Sunday , December 17 2017

Misgivings on eliminating IS

Ahmed Al-Jarallah – Editor-in-Chief, the Arab Times
Ahmed Al-Jarallah – Editor-in-Chief, the Arab Times

CURRENTLY, there are two international coalitions fighting against the ISIL and both of them have yet to succeed in eliminating the group.  In fact, the group continues to expand despite the intense bombardment.

 This is what happened to every group like ISIL. — because every battle against these groups in the last three decades served the interests of some countries.  It happened in Afghanistan after the 2001 incident and the same scenario recurred in Iraq.

These groups continued to take advantage of contradictory international positions under the pretext of fighting against the enemy — similar to the way Hezbollah operates in Lebanon, the Houthis in Yemen, al-Qaeda in Iraq and al-Shabaab Movement in Somalia.

Unfortunately, such a coalition of countries against terrorism has been unable to crush groups like ISIL and Taleban despite its military and financial powers.  It is more astonishing to see nations being prone to massacres and murders, whereas investments are made under these circumstances just to serve the interests of some parties like what occurred in Iran over the past years.

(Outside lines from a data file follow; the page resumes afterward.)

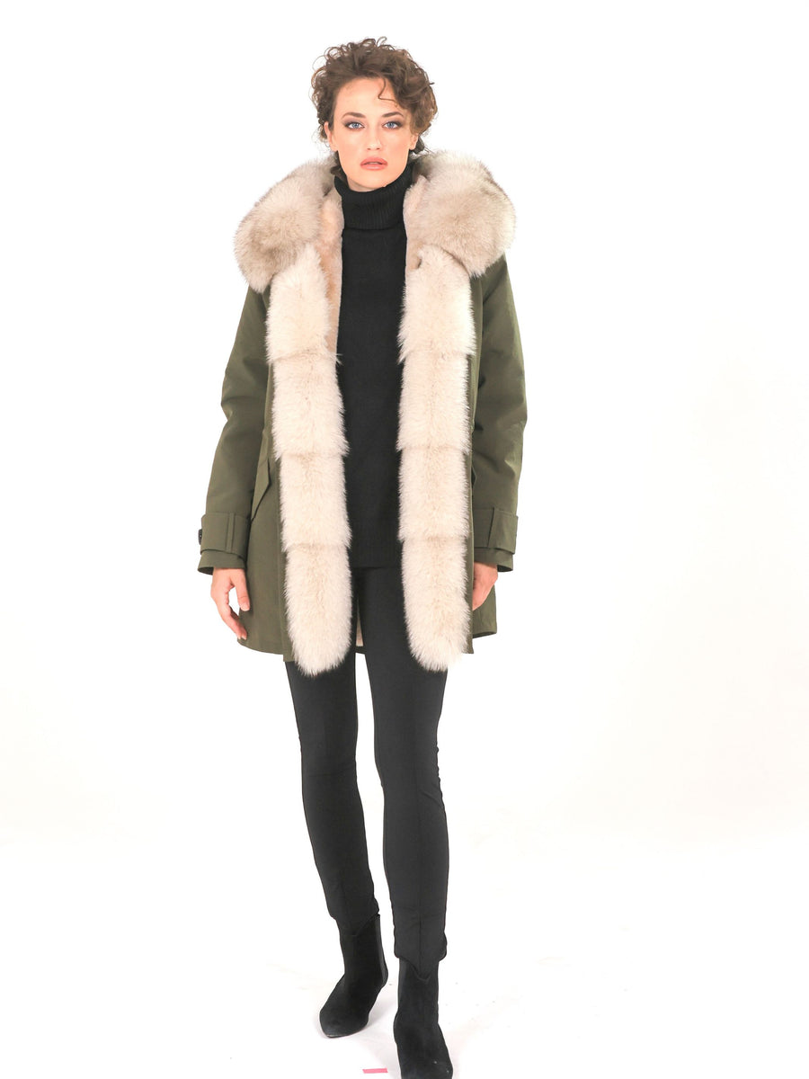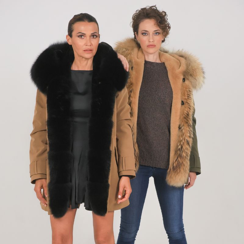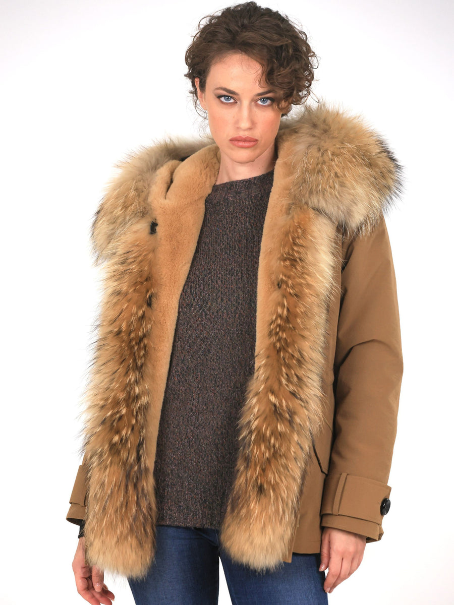Parka Elegant BEIGE con Collo Alto e Gilet in pelliccia Removibile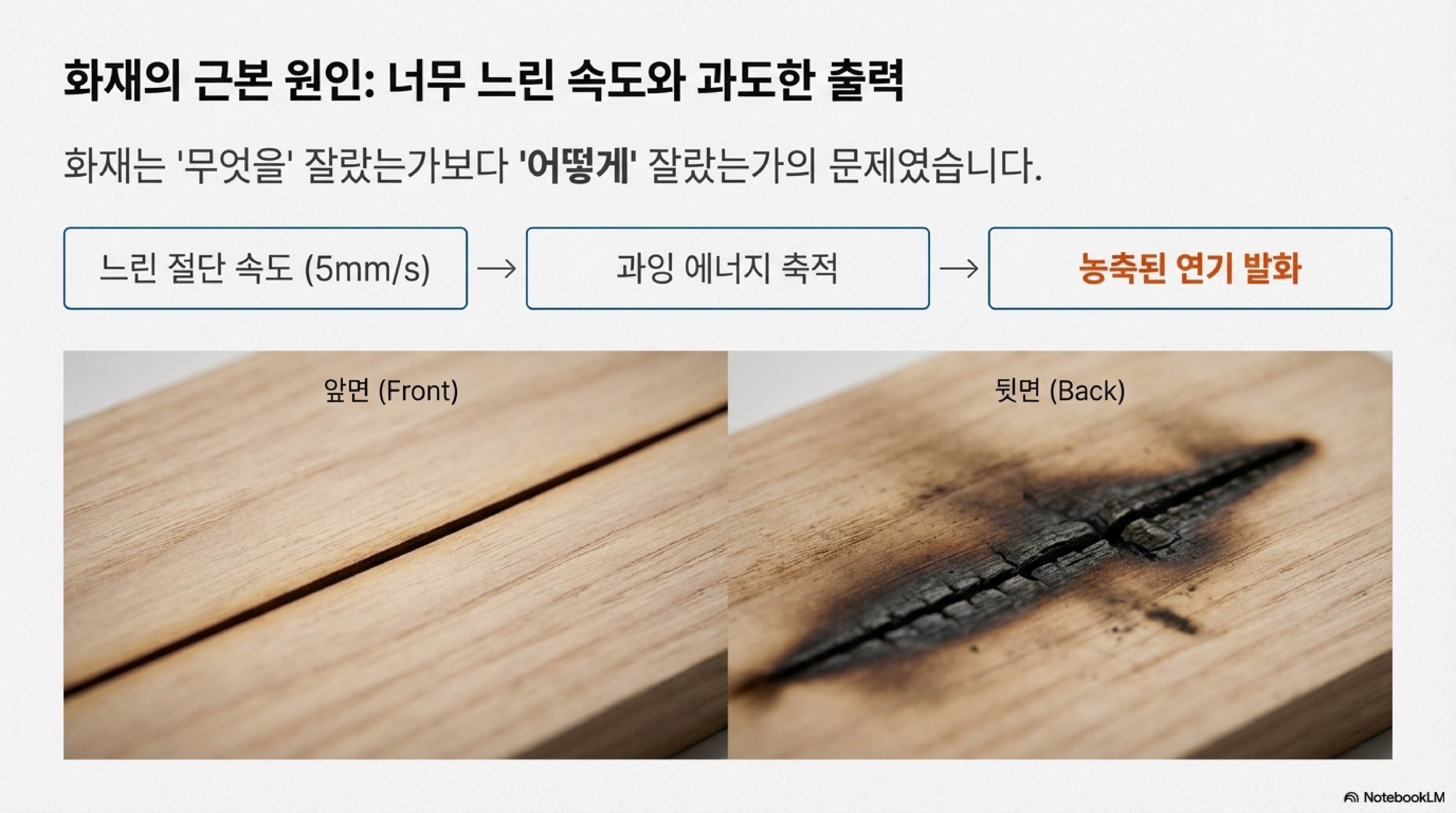 대부분의 사람들은 레이저 커터의 화재 위험을 생각할 때, 출력을 너무 높게 설정했거나 속도를 너무 빠르게 했을 경우를 떠올립니다. 하지만 역설적이게도 제 기계에 불이 난 이유는 정반대였습니다. 바로 절단 속도가 '너무 느렸기' 때문입니다.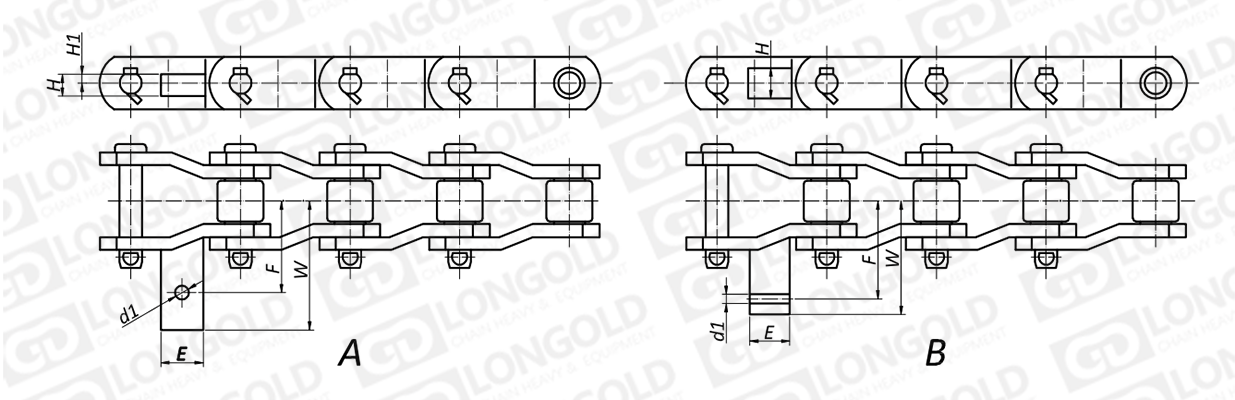 附件可配裝在每一個(gè)鏈節(jié)以上的鏈節(jié)間隔,如每偶數(shù)鏈節(jié)安裝,為了容易進(jìn)行保養(yǎng),安裝在外鏈節(jié)。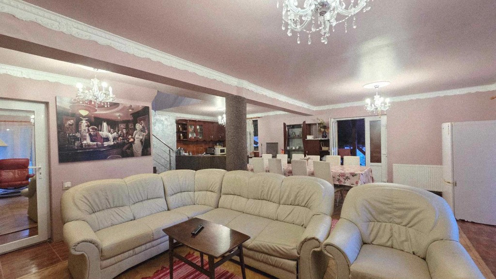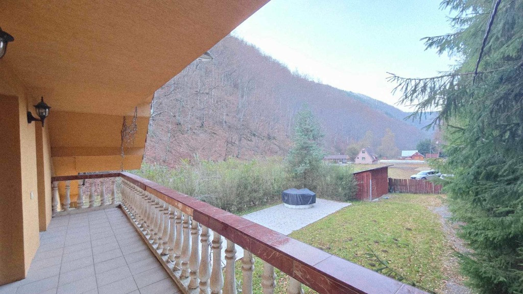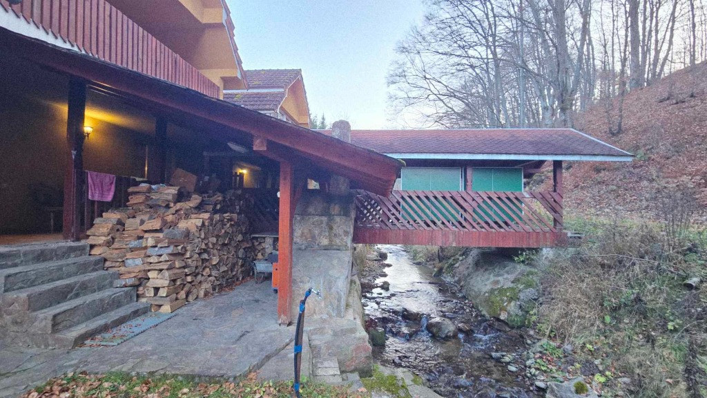 Proprietatea este compusa din doua cladiri identice ca compartimentare, cu suprafete si dotari generoase, teren 600+600,defalcate cadastral suprafata totala 1200 mp, doua corpuri de proprietate unite intre ele pe care in descrierea urmatoare le vom denumi corpul 1 si corpul 2 cu suprafete de 170 mp respectiv 200 mp, suprafata totala 370 mp, constructie relativ noua construita cu simt de raspundere, caramida, izolatie exterioara si multe altele. Filigorie din lemn masiv care uneste cele doua intrari ale corpurilor 1 si 2 in spatiu comun si care se extinde de la nivelul cladirilor pana peste paraul care traverseaza proprietatea, completand momentele de relaxare si intarind cadrul mirific pe care se afla proprietatea si panorama acestei proprietati.

Various countries have imposed embargo on Iran.  They accused Iran of nurturing terrorism and protecting al-Qaeda, only to remove it from the blacklist after signing a pact concerning its nuclear project. These countries intentionally forgot their role in terms of international law violations, especially the laws on terrorism.

Actually, the two international coalitions are striving to acquire the largest possible percentage of interests in the Arab region with the assistance of divided Arab countries; while their people are flattened by fire coming from both the coalition and terrorism.

In a bid to justify the inability to differentiate between those posing threat to their existence, groups that precede the ISIL, such as the Assassins (a medieval sect) and others, are ‘exhumed’ from history to prove a point.  Based on this completely unrealistic concept, we heard an outstanding official saying, “It will take about 30 years to eliminate this group (ISIL).”  We also heard another official saying sarcastically, “It is impossible to eliminate ISIL and all that can be done is to stop its expansion and besiege the group.”

Arabs or not, these people read history books and apply whatever they have deduced from these books on the current world.  The difference is that when it comes to medieval sects, groups like the Assassins thrived for long by taking advantage of the vast geographical circumstances and primitive military technology.  Above all, this sect did not establish its own State.

In the current world, the ISIL has benefited from the political division in Iraq and the absence of a State in Syria.  This has enabled the group to occupy areas under its control and to announce the establishment of a State.

This happened when the United States of America and its allies hesitated to fight against the group, because it saw a way to further strengthen Israel’s security and then achieve its ultimate objective — to declare the Jewish State.

On the other hand, Russia, together with Iran and other allies, said:  “Some ceramic breaks for the Arabs to fight each other.  Whenever they become weak, we get closer to achieving our goals.”

After being flattened by the ISIL fire, these countries have started to call for fighting against the group; yet they continue to strive towards serving their interests through the group rather than protecting their people.

Despite the crowding of military jets over the skies of Iraq and Syria, there is no indication that this group will be eliminated anytime soon.  It will never happen unless the game of interests is set aside.  These countries should put the destiny, security and stability of their people into perspective.  Only then we can say that the intention to combat terrorism is sincere and serious.